Я же все послушно принимал и восхищался своей женой, точно так же, как некогда в Париже я восхищался Триумфальной аркой: но в последней я не нашел характерного разброса ее ног-опор, определенной броскости форм и потому я вернулся на родину. Почему же во мне не хватило силы аналогично поступить с моей женой, тоже не отличавшейся ни малейшей броскостью форм, зачем я, вместо того чтобы блуждать по бесспорно дивным, но чуждым материкам и морям, не поселился навсегда на родине - разве не является первейшей обязанностью каждого жить на своей родине?
Вместо этого, я, как предатель, как ренегат с деланным восхищением смотрел на враждебную, постылую страну моей жены, на белую гладь ее просторов, на детали, которые, подобно лунному свету, казались мне погасшими и мертвыми. "Очаровательный холмик, - думал я, рассматривая спящую, - круглый, небольшой, белоснежный. Стройная фигура, гибкий стан - все волнисто, модно, эстетично! Пленительная нога - гармоническая, как она спускается змеиной белизной по белоснежной постели". Но я подло лгал. То была луна, а мать-земля куда-то запропала. А жена даже во сне не допускала мысли о бунте, сопротивлении - и было нечто деспотическое в том, как нога сужалась книзу, будто только это и было ей позволено.

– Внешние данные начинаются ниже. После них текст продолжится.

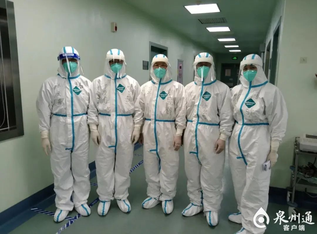 ▲谢宝松(左三)在泉州市第一医院城东分院参与疫情防控医疗救治工作
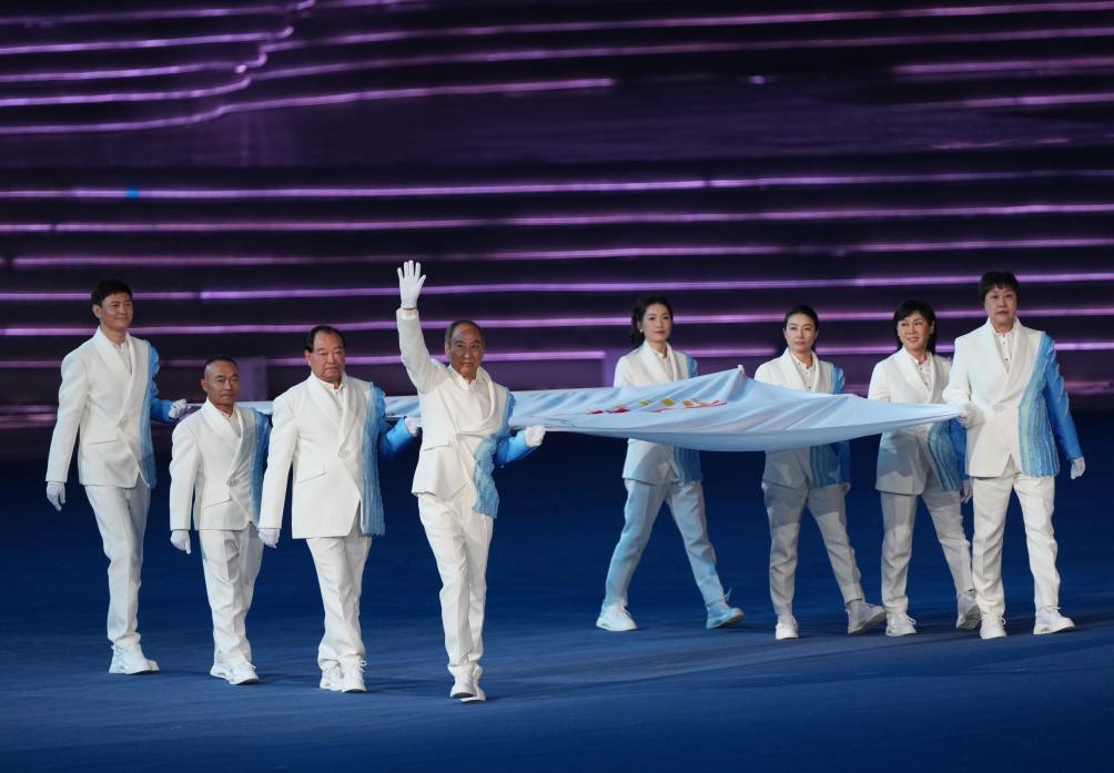 9月23日,中華人民共和國國旗入場。新華社記者 潘昱龍 攝 伴著雄壯的《義勇軍進行曲》,五星紅旗緩緩升起。 20時09分,地屏上勾勒出團扇造型,“梅蘭竹菊”主題之窗開啟,不同國家和地區(qū)的運動員紛至而來。中國以真摯的熱情開門迎客,定格下四海賓朋如約而至的“杭州時刻”。 氣勢宏大的《歌唱祖國》奏響,包括886名運動員在內(nèi)的中國體育代表團最后入場,全場一片歡騰,掌聲歡呼聲此起彼伏。本屆亞運會上,中國健兒將參加38個大項、407個小項的角逐。 從1974年在伊朗首都德黑蘭首次參加亞運會,到亞運金牌數(shù)累計破千,近50年來,中國全社會重視體育、支持體育、參與體育的氛圍愈加濃厚。 光陰荏苒,深情如一。 從北京亞運會的熱烈澎湃,到廣州亞運會的時尚活力,如今的杭州亞運會用酷炫科技表現(xiàn)中華文化,展現(xiàn)出新時代中國自信自強、蓬勃向上的精神風貌。 錢塘之潮煥新亞運活力 伴隨習近平主席宣布盛會開幕,“數(shù)字焰火”流光溢彩,全場觀眾齊聲高呼,為亞運釋放最熾烈的熱情。 亞奧理事會全部45個成員齊聚本屆亞運賽場,參賽運動員人數(shù)超過12000名,創(chuàng)歷屆之最;比賽項目既有田徑、游泳等奧運大項,也有武術(shù)、藤球、板球、克柔術(shù)等代表亞洲不同地域體育文化的特色項目,還有首次成為亞運會正式項目的霹靂舞等。多元包容,青春洋溢,有著70余年歷史的亞洲運動會煥發(fā)出全新活力。 “非常高興亞運會能夠把奧運會新項目納入其中?!鼻皝沓鱿_幕式的國際奧委會主席托馬斯·巴赫相信,杭州亞運會將成功精彩,促進亞洲的團結(jié)與友誼。 音樂響起,8名中國運動員、教練員代表共執(zhí)亞奧理事會會旗入場。伴隨著亞奧理事會會歌,會旗緩緩上升,在杭州高高飄揚。

О, эта миниатюрная стопа, чистая, с высоким подъемом, выгнутым, как арка, по-парижски, триумфально - я уже говорил о постановке дома на соответствующую ногу - жена умела маневрировать этой ножкой совершенно безапелляционно, высовывая ее из-под одеяла, как раз и навсегда усвоенный трюизм. Я целовал ее холодными губами и восторгался тем, какая она маленькая и что каждый пальчик - как игрушка и розовый. О, все было безупречным, совершенным, эталонным. На коже нигде, нигде ни единого изъяна, безграничная белизна и гладь. Лишь холодные, величественные луны, лишь эстетика перспективы, лишь подстриженные шпалеры, китайские, японские фонарики! Это была феерия! Но называлось все чуждо, на иностранных языках, начиная от manicur’а и permanent’а вплоть до savoir-vivre’а и bon-ton’а. Я тоже выглядел по-европейски: был вымыт, вычищен. Снаружи все было начищено и отделано: все было блестящей туфелькой, лакированным ботиночком, тросточкой, модным пеньюаром.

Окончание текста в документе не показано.